The PostgreSQL database is backed up continuously with point-in-time recovery (PITR) up to 7 days back, and full daily snapshots retained for 30 days. Google Cloud Storage (documents) uses multi-region redundancy — your files are replicated across at least two physically separate data centres. Backup restoration is tested monthly.

We have a written Incident Response Plan tested quarterly. In the event of a confirmed breach affecting personal data: (1) We notify affected clients within 24 hours of confirmation. (2) We notify the ICO within 72 hours as required by UK GDPR Article 33. (3) We provide a full incident report within 14 days. (4) We implement remediation and share lessons learned. Clients can register for breach notification emails in their account settings.

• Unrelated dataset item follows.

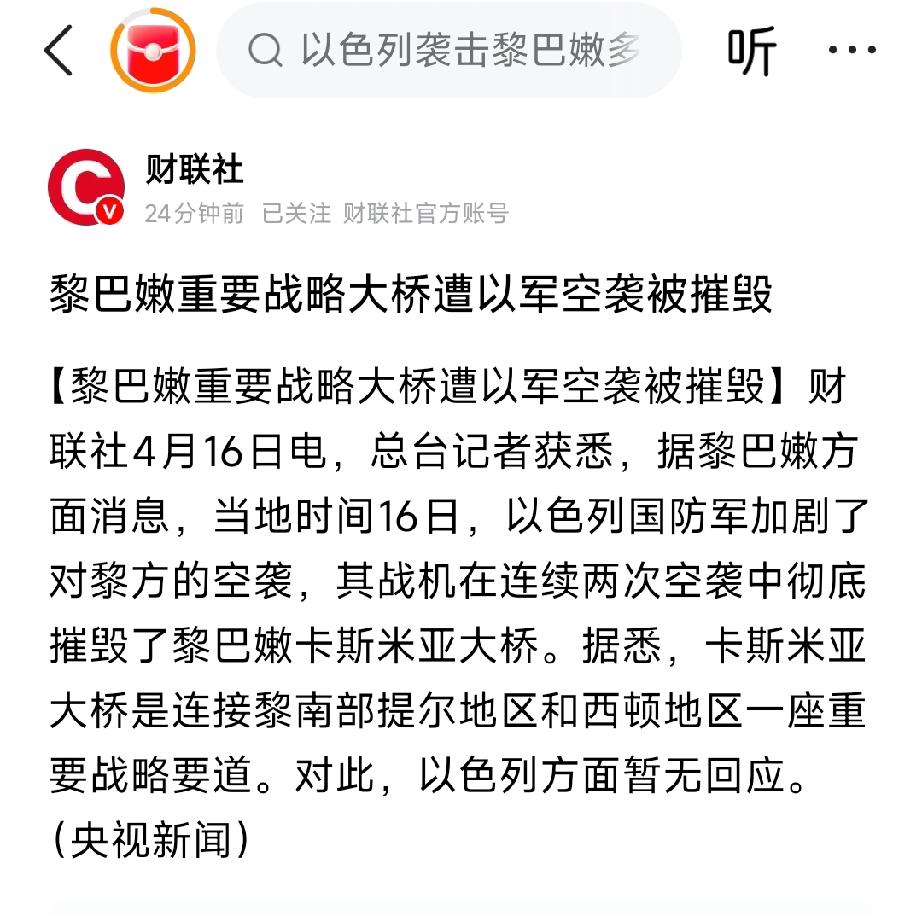 突发!以军炸断黎巴嫩战略大桥,中东战火再升级!这5只标的直接受益! 财联社4月16日电,当地时间16日,以军战机两波空袭,彻底炸断黎巴嫩卡斯米亚大桥——连接南部提尔与西顿的最后一条跨河命脉。黎南15万平民被彻底孤立,真主党补给线全断,中东地缘风暴直接拉满! 战火一烧,市场避险情绪直接爆表!原油、黄金、军工、油运四大主线全线异动,资金疯狂涌入! 核心受益标的(5只) 1. 中国海油(600938):海上油气龙头,油价暴涨最受益,业绩弹性最大。 2. 中远海能(600026):全球VLCC油运龙头,中东航线占比高,运价随时跳涨。 3. 赤峰黄金(600988):黄金弹性之王,乱世避险首选,金价一涨就疯。 4. 航天彩虹(002389):察打一体无人机龙头,中东订单爆满,实战刚需。 5. 宝丰能源(600989):甲醇龙头,伊朗供给收缩,国内替代直接受益 。 投资必警:地缘冲突瞬息万变,停火谈判、局势缓和均会引发市场剧烈波动,以上仅为事件梳理,不构成投资建议。

Yes. GoldenGuide undergoes annual penetration testing conducted by an accredited third-party security firm. Additionally, our Slack and WhatsApp integrations are reviewed before each major release. We participate in responsible disclosure — if you find a security vulnerability, please report it to security@goldenpays.com and we will respond within 48 hours.

GoldenGuide uses Retrieval-Augmented Generation (RAG), specifically designed to prevent hallucination. Before generating any answer, the system retrieves the most relevant passages from your uploaded documents. The AI is then instructed to answer only using that retrieved content. If no sufficiently relevant document is found, the system responds with "I don't have that information in the current knowledge base" rather than inventing an answer.

Yes. Every answer includes the document name and page number from which the information was retrieved. Employees can click through to view the original source. This means managers can always verify the answer and employees have full transparency about where the information comes from.

Every answer includes a "Report Incorrect Answer" button (required by the EU AI Act for high-risk AI systems). When an employee reports an answer, the HR Admin receives an alert and can update the relevant document. The system's confidence scores are logged and monitored — if a category of questions shows consistently low confidence, we flag it for HR Admin review.

Absolutely. UK GDPR and the EU AI Act require transparent AI disclosure. GoldenGuide displays a clear "AI-Powered" indicator on every interface — web chat, Slack, and WhatsApp. The system never impersonates a human. The first message in every conversation includes an explicit disclosure that the assistant is AI-powered.

No. The document access level system (Employee / Manager / Confidential) is enforced at the retrieval layer — before the AI even sees the content. An employee-level user cannot retrieve confidential HR documents regardless of how they phrase their question. Access control is applied before content reaches the language model.